# Isometric projection of a vector

This online calculator draws isometric projection of a vector, giving its coordinates in 3D space.

When I've started to write a calculator Cross product calculator, I've planned to visualize the results of cross product on the graph, so that calculator can stand out from the crowd to say so. Thus, I needed to find a way to display a 3D vector on a 2D picture. Surely, I wanted to use isometric projection.

Isometric projection is a method for visually representing three-dimensional objects in two dimensions in technical and engineering drawings. It is an axonometric projection in which the three coordinate axes appear equally foreshortened, and the angle between any two of them is 120 degrees.1

How to draw a vector with three coordinates in 3D space as a vector with two coordinates on a 2D plane? We need to find a formula which converts 3 coordinates x, y, z into 2 coordinates x, y. It turned out to be quite simple. Since each vector in 3D space can be defined as a linear combination of three standard basis vectors, we need to find a formula for converting them and then use 3D vector coordinates as scalar multipliers.

Now let's look at the picture below, which shows how the three standard basis vectors look like in isometric projection (we use a right-handed coordinate system, where the x-axis points to the left, y-axis points to the right)

We know that vector i in three dimensional coordinate system has coordinates $(1,0,0)$. If we look at the picture, we can see that its coordinates in two dimensional coordinate system is $(-cos30^\circ,-cos60^\circ)$.
For vector j with $(0,1,0)$ it is $(cos30^\circ, -cos60^\circ)$, and for vector k $(0,0,1)$ it is simply $(0,1)$.

Now we just need to form a conversion matrix which turns our 3D basis vectors to new 2D vectors when used.

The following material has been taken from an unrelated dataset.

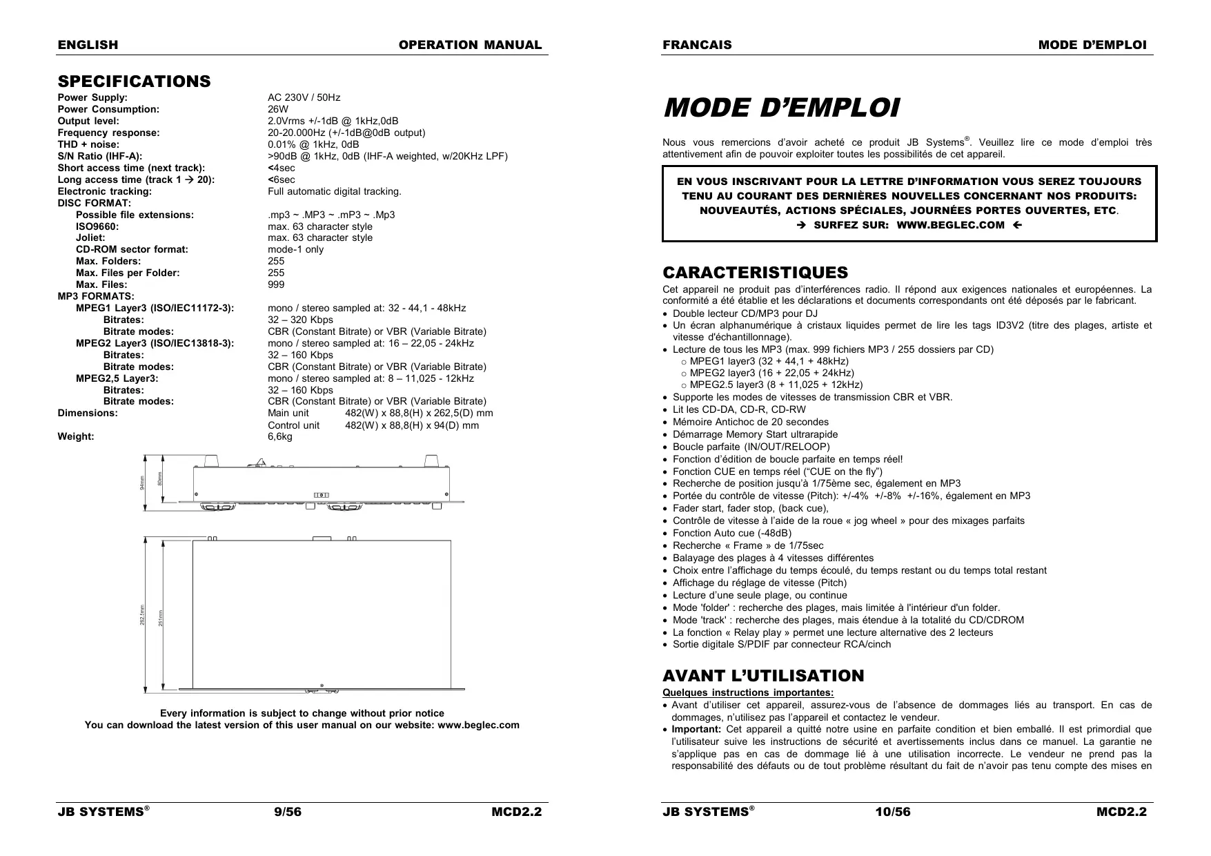 CARACTERISTIQUES TECHNIQUES Alimentation: Consommation: Niveau de sortie: Réponse de fréquence: Distorsion Harmonique + bruit: Rapport Signal/Bruit (IHF-A): Temps d’accès court plage suivante: Temps d’accès long (plage 1 20): Tracking électronique: FORMAT DISQUE: Extensions possibles: ISO9660: Joliet: CD-ROM sector format: Max. Dossiers: Max. Fichiers par dossier: Max. Fichiers: FORMATS MP3: MPEG1 Layer3 (ISO/IEC11172-3): Bit rates: Bitrate modes: MPEG2 Layer3 (ISO/IEC13818-3): Bitrates: Bitrate modes: MPEG2,5 Layer3: Bitrates: Bitrate modes: Dimensions: Poids: EERSTE INGEBRUIKNAME Chacune de ces informations peut être modifiée sans avertissement préalable. Vous pouvez télécharger la dernière version de ce mode d’emploi de notre site Web: www.beglec.com JB SYSTEMS® 19/56 MCD2.2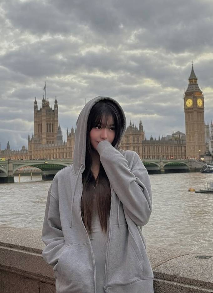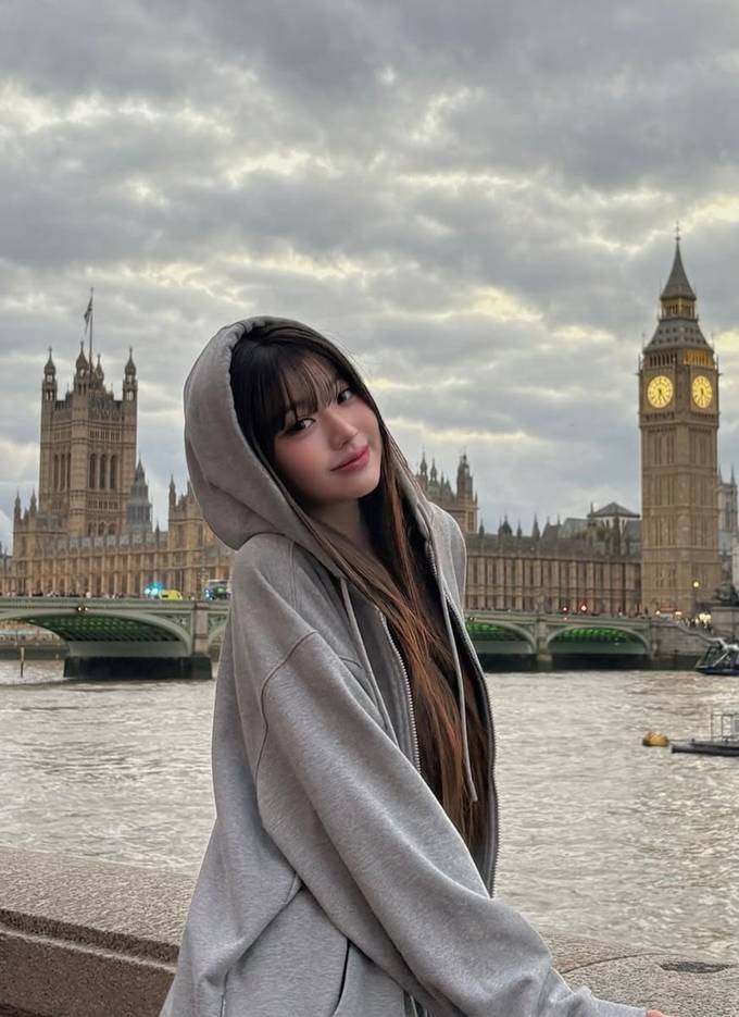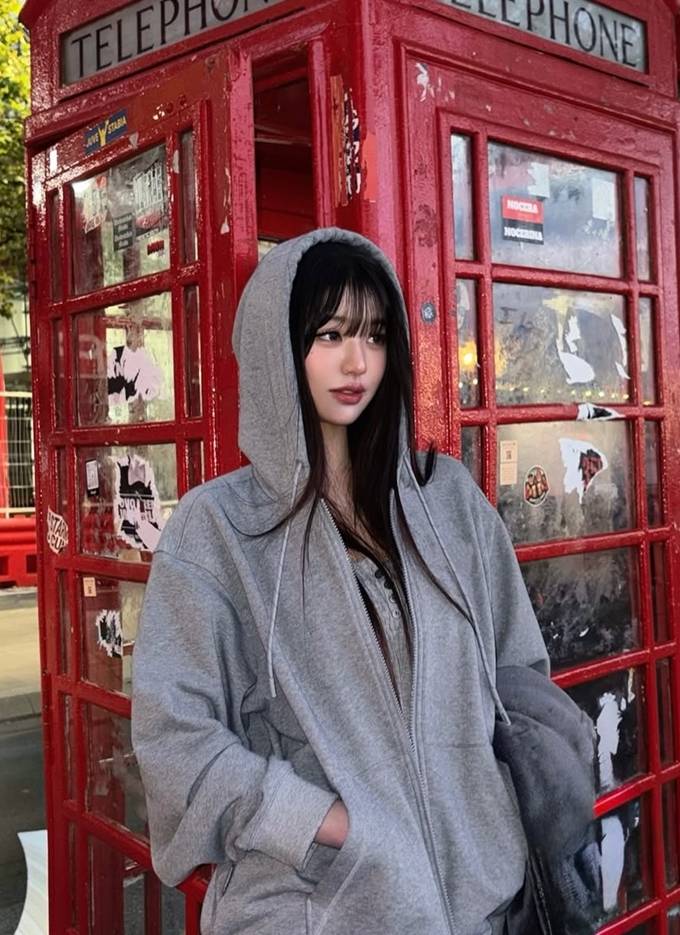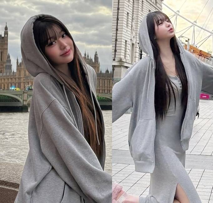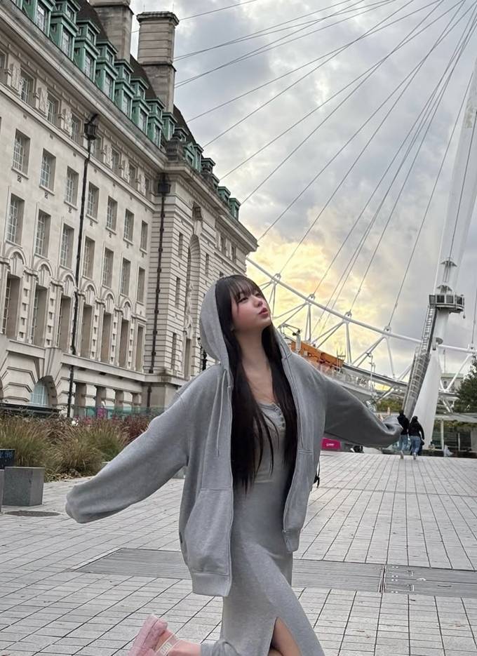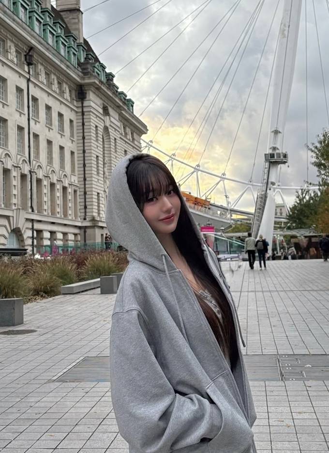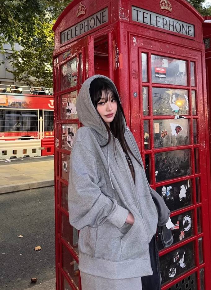 그룹 아이브의 장원영이 런던에서 오버핏 후드 집업 스웻셔츠로 자유로운 휴식 타임을 즐겼다.

And here is the final conversion expression in matrix form:
${\begin{pmatrix}x_{3d} & y_{3d} & z_{3d}\end{pmatrix}}={\begin{pmatrix}-cos30^\circ & -cos60^\circ\\cos30^\circ & -cos60^\circ\\0 & 1\end{pmatrix}}={\begin{pmatrix}x_{2d} & y_{2d}\end{pmatrix}}$

If we use this matrix to convert basis vectors, we indeed end up with 2d vectors listed above. This conversion matrix is used in the calculator below to display a 3D vector on a 2D picture using isometric projection.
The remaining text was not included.